In 2020, Missouri State University received an Education, Innovation and Research Early Phase grant from the U.S. Department of Education.
Worth $4 million, the grant’s purpose was to implement the Computer-Science Opportunities, Development and Education in Rural Schools (CODERS) project over five years.
CODERS is a collaborative project among faculty members from the College of Education (COE), College of Natural and Applied Sciences and Reynolds College of Arts, Social Sciences and Humanities.
Led by project director Dr. Keri Franklin, professor of English and director of the Center for Writing in College, Career and Community, CODERS assists rural teachers in engaging their students in computer science, computational thinking, physics and writing in elementary and middle grades.
Since CODERS began, it has worked with 54 rural teachers, over 3,000 students and 17 rural school districts. According to Franklin, data show that CODERS is having a significant impact on student scores.
“Students from those districts who have participated in CODERS increase science scores by 46% and 10% in mathematics,” Franklin said.
These results came from 850 students before and after collecting CODERS data. Test scores were taken before CODERS was implemented.
Seminars on campus
The CODERS project team offers seminars on campus every summer and four times during the school year. To date, teachers from 19 rural communities have participated.
The teachers receive hands-on training on how to teach computer science, coding and other STEM (science, technology, engineering and mathematics)-related subjects to students in fun and engaging ways.
A group of teachers was on campus June 4-6 for the summer seminar. Helping with the seminar was Dr. Tammi Davis, a faculty member in COE’s School of Teaching, Learning and Development Sciences.
Davis works closely with the teachers to support them as they teach lessons in the classroom and monitors the submission of their teaching reflections.

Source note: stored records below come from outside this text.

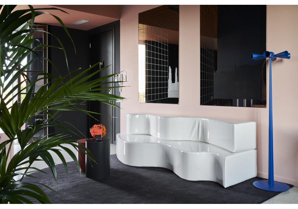 Superonda firmato da Archizoom Associati per Poltronova è un divano componibile costituito da due onde, ricavate da un blocco di poliuretano segato in due parti da un taglio a “S”, che s’incastrano e si sovrappongono, formando differenti configurazioni. Rivestimento in PVC lucido. Disponibile in diverse finiture.
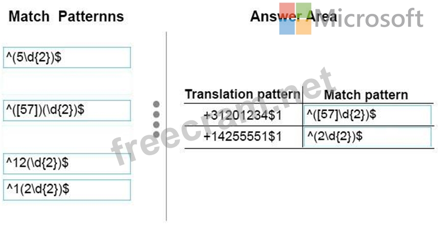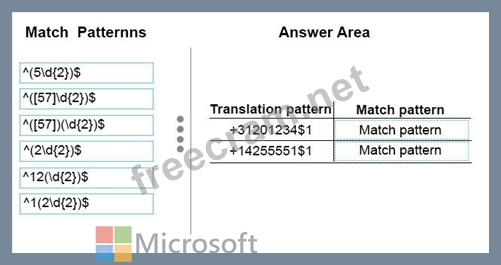 Which match patterns should you use? To answer, drag the appropriate match patterns to the correct translation patterns on the answer area. Each match pattern may be used once, more than once, or not at all. Additionally, you may need to drag the split bar or scroll to view content.
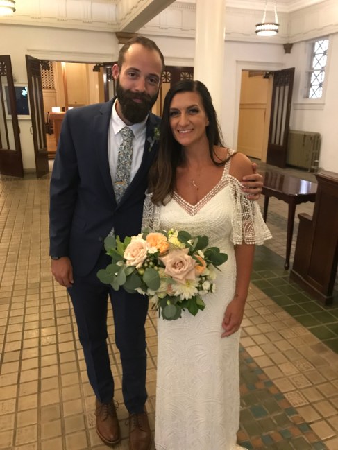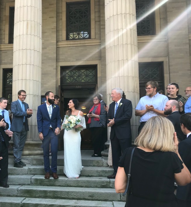September 2nd sounds like a fall wedding, but it was all summer in Buffalo, and gorgeous at the Karpeles Manuscript Museum. Danielle and Rick were there, eagerly awaiting their big moment. Danielle looking beautiful, hid out with her party downstairs. Rick was kind of on his own, and decided to head to a room behind the alter for some alone and quiet time before everything became crazy. He looked happily nervous and I liked that he wanted a moment to take everything in by himself. Eventually though, it was time to begin, so I got Rick and we headed to the alter to await Danielle. When she did come out, he somehow looked calmer and more nervous at the same time! I don’t even know how to explain it. They were so happy to see each other though, that they just about kissed at the alter! They went in for it, but then I saw Danielle realize, oh that’s for the end! It was really adorable and people laughed along with them. It was pretty steamy inside the building, but Danielle even reached out to dry the sweat from Rick’s brow. If that’s not love people, tell me what is! They listened to their readings with smiles and repeated their vows with clutched hands, and soon enough I was pronouncing them married! Congratulations Rick and Danielle! You’re such a well matched couple that I know there will be nothing by joy in your future. Best wishes always!

She also works with the group’s teaching leaders who led much of the professional development this summer.
According to Davis, one of her favorite parts of the project is helping teachers choose how to use their designated grant funding to expand their classrooms.

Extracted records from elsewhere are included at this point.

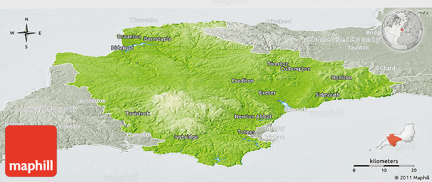 The panoramic physical map represents one of several map types available. Look at Devon County, South West, England, United Kingdom from different perspectives.
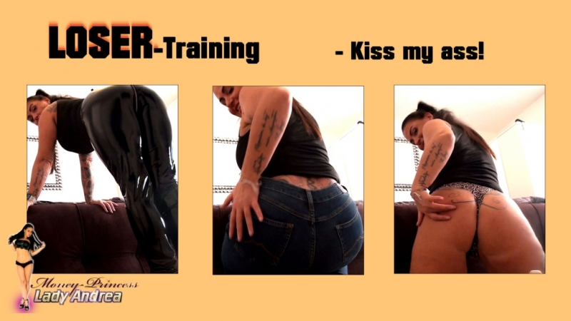 Ja Loser, es ist allerhöchste Zeit für ein neues Training. Here it is! Nur nicht aus der Übung kommen, du Lappen! Meine Marionetten haben schließlich zu funktionieren! Deine heutige Lektion lautet: Küss meinen göttlichen Po! Und zwar in Lack, Jeans und auch nur im Tanga. Du wirst dich wirklich sehr kontrollieren müssen, nicht zu Spritzen! Jedoch verlange ich, dass die Fotze trocken bleibt, Sklave! So schwer es auch erscheinen mag, du reißt dich zusammen. Und wehe du Stück Scheisse kommst! Bete diesen göttlichen Prachtarsch an, küsse ihn und wichse dabei. Dieses Training ist täglich zu absolvieren!
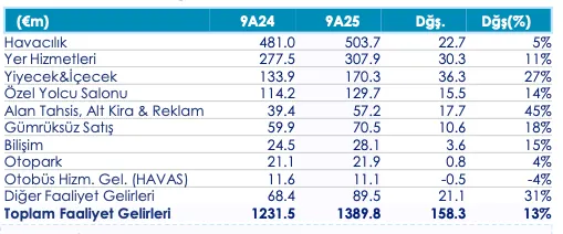 Operasyonel tarafta büyüme ivmesi korundu. Yolcu trafiği yıllık bazda %5 artarak 87,4 milyon yolcuya ulaştı; Antalya’daki yeni dış hatlar terminali, Ankara’daki yeni imtiyaz dönemi ve BTA ile Havaş operasyonlarındaki canlılık FAVÖK performansını destekledi. Şirketin FAVÖK marjı %33,6’ya yükselirken, güçlü faaliyet kaldıracı etkisi nakit akışına da yansıdı. Yoğun yatırım programına rağmen net borç 1,78 milyar eurodan 1,64 milyar euroya gerilerken, borçların %66’sının sabit faizli swaplarla korunması bilanço yönetiminde istikrar sağladı. Şirket, 2025 yılı için 1,75–1,85 milyar euro ciro, 520–590 milyon euro FAVÖK ve Net Borç/FAVÖK oranını 2,5–3,0 aralığında tutma hedefini koruyor.
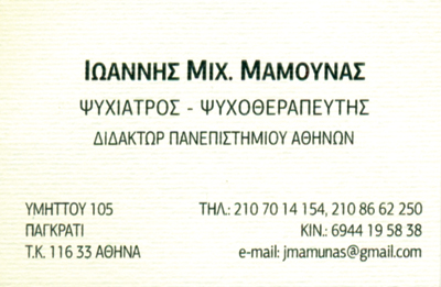 customer tabsΕπικοινωνία2η διεύθυνση: Οιδίποδος 41, Θήβα.Δέχεται καθημερινά, κατόπιν ραντεβού.ΨυχίατροιΨυχοθεραπευτέςΥγείαΥμηττού 105, Παγκράτι, ΑττικήΠΑΓΚΡΑΤΙ ΑΤΤΙΚΗΣΑΤΤΙΚΗ 2107014154 6944195838gmamunas@gmail.com Το προτείνω (έχει προταθεί 0 φορές) ΦωτογραφίεςFacebook LikeShare on FacebookTweet Widget
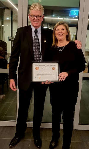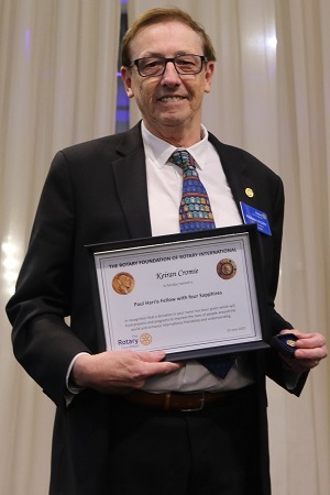 A Paul Harris Fellow Recognition plus four Sapphires was presented to Keiran Cromie (Rotary Brighton Beach and Brighton, 27 plus years as a Rotarian)Keiran was a charter member of the Rotary Club Brighton Beach in 1995 and transferred to Rotary Club of Brighton in 2017. During that time he held the roles of Charter Secretary, President, Treasurer and many other Board positions. At a District level, Keiran has organised many GSE functions, the Adelaide Conference, and a number of other events.

“One teacher built a computer lab STEAM (science, technology, engineering, arts and mathematics) room based on supplies she got from our grant,” Davis said.
Davis grew up going to a rural school in southern Indiana.

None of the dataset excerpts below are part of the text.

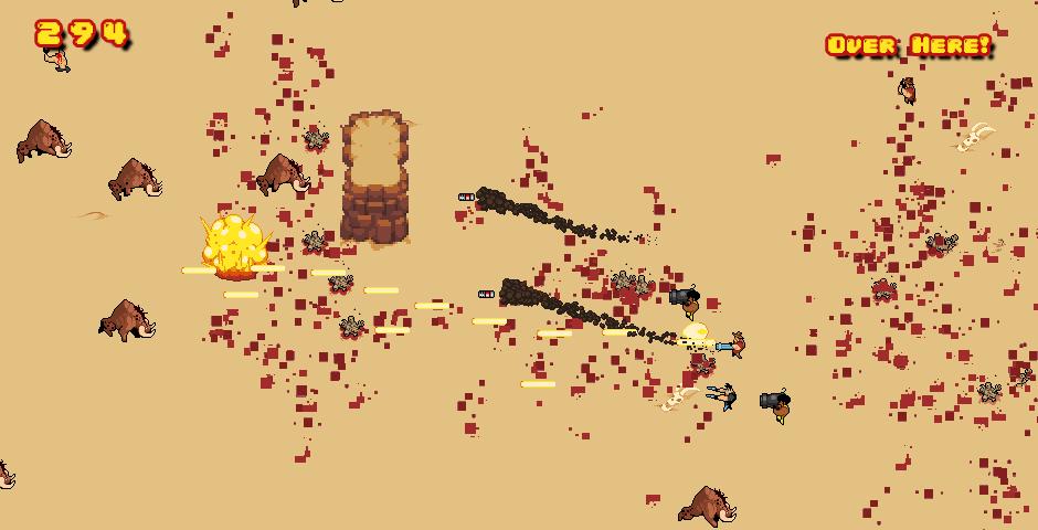 C'est une parodie dure et folle avec des commandes simples et simples, des armes folles, des mécanismes de tir insensés, des tonnes de héros pour faire équipe avec des milliers d'ennemis à exploser.
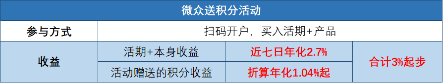 而现在买入,参与活动,除了能拿到产品本身2.7%左右的收益外,还有额外积分赠送。
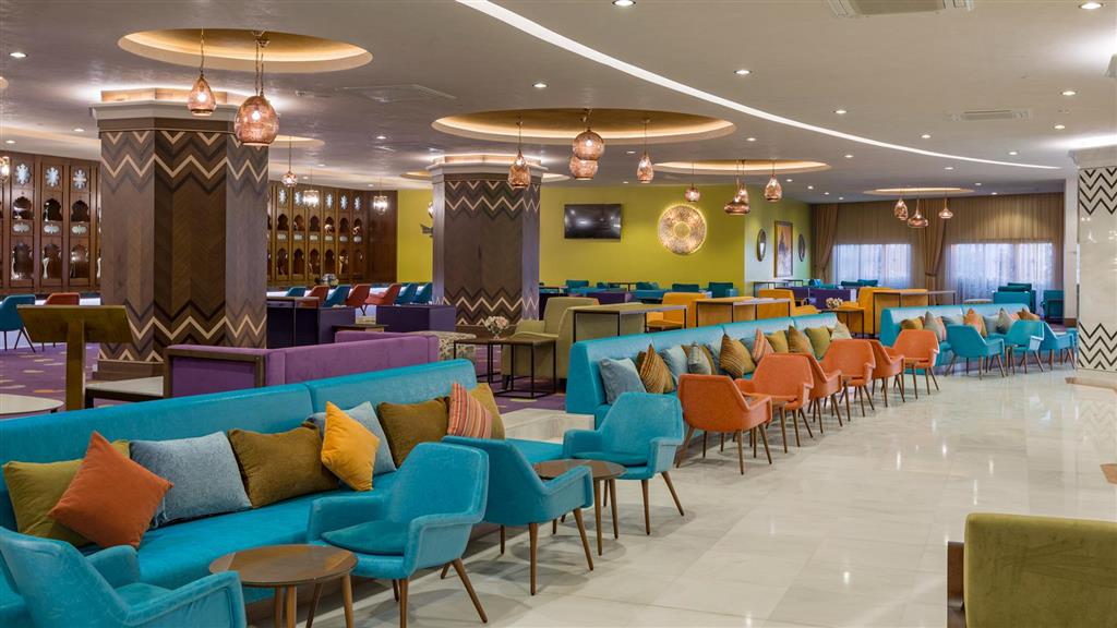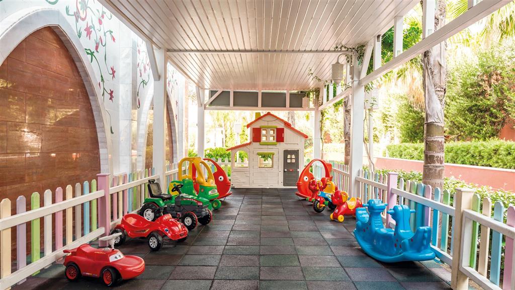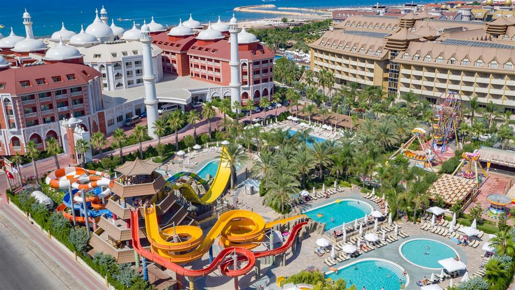 hlavná reštaurácia • 3 a la carte reštaurácie • snack bar • bistro• cukráreň • 4 bary • diskotéka • nákupná pasáž • bezplatné Wi-Fi pripojenie • konferenčné priestory • SPA centrum • lekár • vonkajší bazén • plavecký bazén • relaxačný bazén • aquapark so šmýkačkami pre deti aj dospelých • vnútorný bazén • detské bazény • vnútorný detský bazén • detské ihrisko • miniklub • minidisco • lunapark • plážový volejbal • fitnescentrum • tenis • stolný tenis • šípky • lukostreľba • minifutbal • pestrý športový program • medzinárodný animačný tím
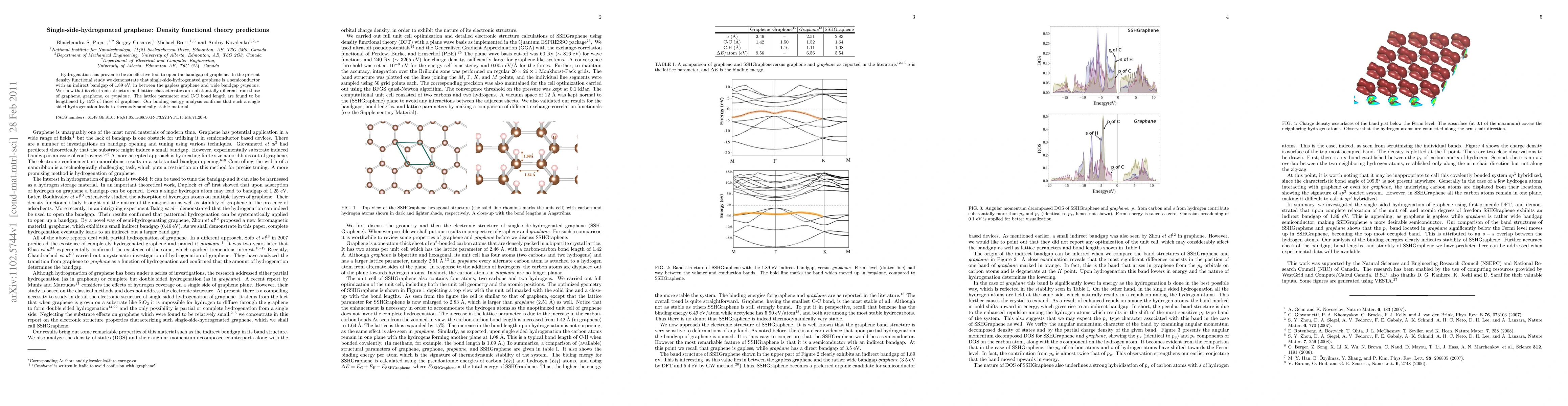This study reveals that single-sided hydrogenated graphene is a semiconductor with an indirect bandgap of 1.89 eV, significantly different from the gapless graphene and wide bandgap graphane, with a 15% increase in lattice and C-C bond lengths, providing thermodynamically stable material.
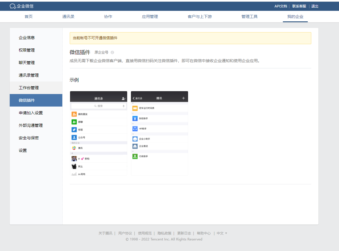 而在这个企业微信web管理后台-我的企业-微信插件中,打开提示无法开通微信插件,请问这是什么原因?

“If you turn left at the stoplight, you pass driver’s ed, so that tells you how small my community was,” Davis said.
She notes the CODERS project gives opportunities to students that she wished she had as a student.
“I wish I was exposed to computer science in elementary/middle school, which is the age group we work with on this grant,” Davis said. “The first time I really did any type of computer coding was in college and I think that’s too late.”
Career education
The CODERS project also aims to help teachers by providing them with resources for their classroom to promote STEM-based career fields to students.
Examples of these resources include the IF/THEN Collection and Educator Hub, which highlight real photographs of women in their STEM-related field.
“Computer science is one of many jobs students could be eligible for, so we teach that career component as well,” Davis said.